### EXERCISE DETAILS
Leaving out pictures, output exactly the lines below from the one that has "2024年4月,校內(nèi" through the one that has "锋三速3刀片三层刀头手动剃须刮胡刀通用吉列老式剃胡刀男士胡子", and nothing else.

[Saved entries]
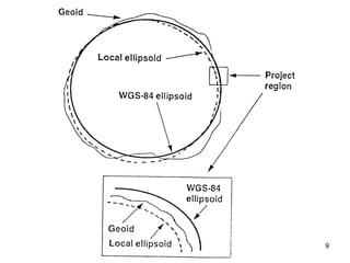 The document discusses the concepts and functions of Geographic Information Systems (GIS), focusing on spatial data modeling, geospatial referencing, and various transformations involved in GIS. It explains the roles of geodetic datums, ellipsoids, and coordinate systems in accurately representing geographical data, as well as the mathematical transformations needed to convert between different coordinate systems. The document also covers numerical coordinate transformations and techniques such as rubber sheeting and edge-matching for enhancing data accuracy in GIS applications.
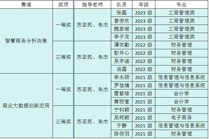 2024年4月,校內(nèi)選拔賽以信息技術(shù)水平考試的形式進(jìn)行,初賽理論考試內(nèi)容涵蓋了大數(shù)據(jù)基礎(chǔ)知識(shí)、商務(wù)智能、數(shù)據(jù)分析和處理等多個(gè)方面,旨在全面考察參賽選手的理論知識(shí)和實(shí)際應(yīng)用能力。2024年5月19日,區(qū)域選拔賽正式舉行,我校四支隊(duì)伍成功入圍全國(guó)總決賽。2024年6月1日,全國(guó)總決賽開賽,通過激烈的角逐,我院學(xué)子奪得全國(guó)一等獎(jiǎng)兩項(xiàng)、全國(guó)三等獎(jiǎng)兩項(xiàng)的佳績(jī),具體獲獎(jiǎng)情況如下:
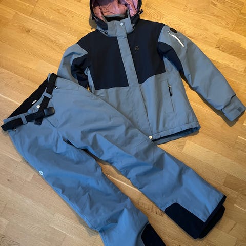 Jacka med avtagbar luva och matchande byxa med hängslen i fint skick.
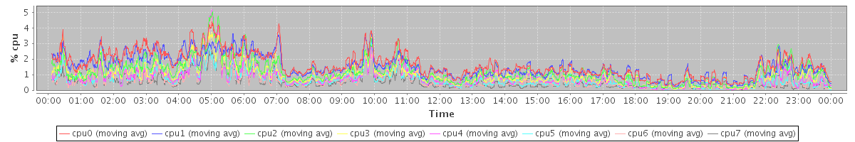 avg(cpu0) = 10.09 avg(cpu1) = 13.24 avg(cpu2) = 1.08 avg(cpu3) = 0.63 avg(cpu4) = 0.39 avg(cpu5) = 0.35 avg(cpu6) = 0.19 avg(cpu7) = 0.18
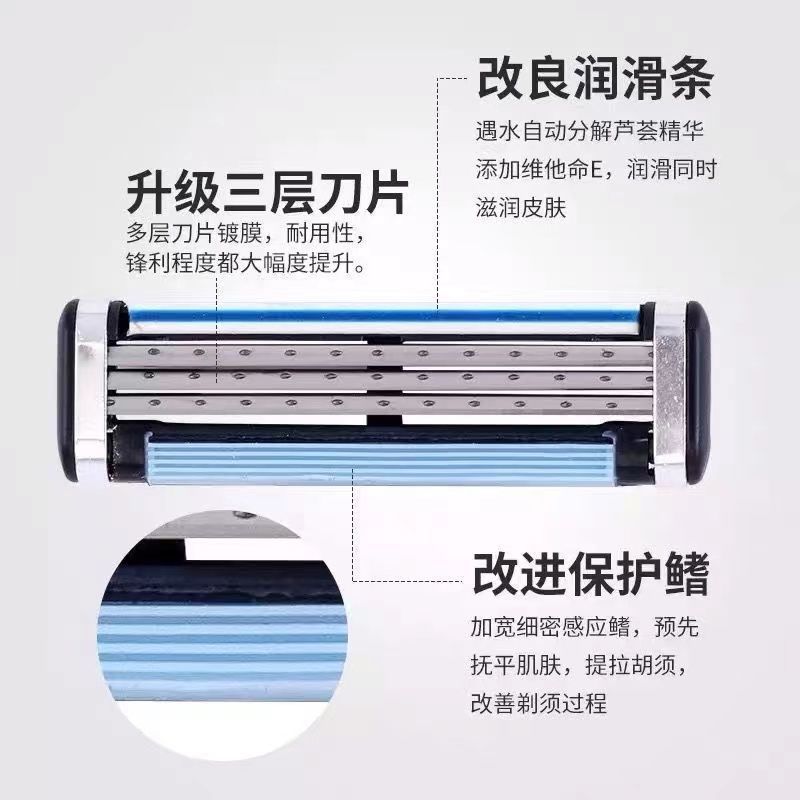 锋三速3刀片三层刀头手动剃须刮胡刀通用吉列老式剃胡刀男士胡子
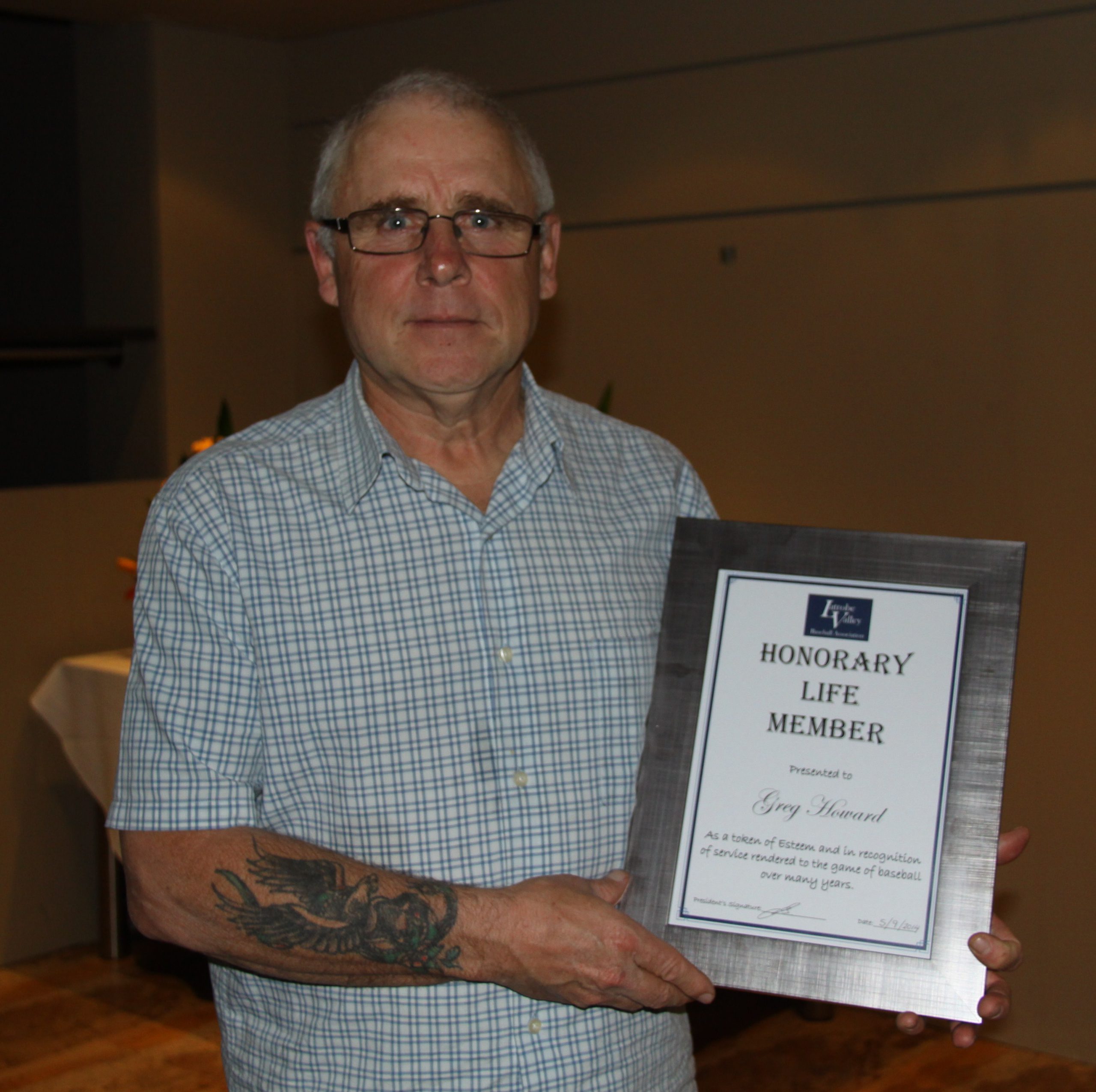 Life membership was awarded to Greg Howard for many years of service to the Latrobe Valley Baseball Association.

### COMPLETED EXERCISE
 2024年4月,校內(nèi)選拔賽以信息技術(shù)水平考試的形式進(jìn)行,初賽理論考試內(nèi)容涵蓋了大數(shù)據(jù)基礎(chǔ)知識(shí)、商務(wù)智能、數(shù)據(jù)分析和處理等多個(gè)方面,旨在全面考察參賽選手的理論知識(shí)和實(shí)際應(yīng)用能力。2024年5月19日,區(qū)域選拔賽正式舉行,我校四支隊(duì)伍成功入圍全國(guó)總決賽。2024年6月1日,全國(guó)總決賽開賽,通過激烈的角逐,我院學(xué)子奪得全國(guó)一等獎(jiǎng)兩項(xiàng)、全國(guó)三等獎(jiǎng)兩項(xiàng)的佳績(jī),具體獲獎(jiǎng)情況如下:
 Jacka med avtagbar luva och matchande byxa med hängslen i fint skick.
 avg(cpu0) = 10.09 avg(cpu1) = 13.24 avg(cpu2) = 1.08 avg(cpu3) = 0.63 avg(cpu4) = 0.39 avg(cpu5) = 0.35 avg(cpu6) = 0.19 avg(cpu7) = 0.18
 锋三速3刀片三层刀头手动剃须刮胡刀通用吉列老式剃胡刀男士胡子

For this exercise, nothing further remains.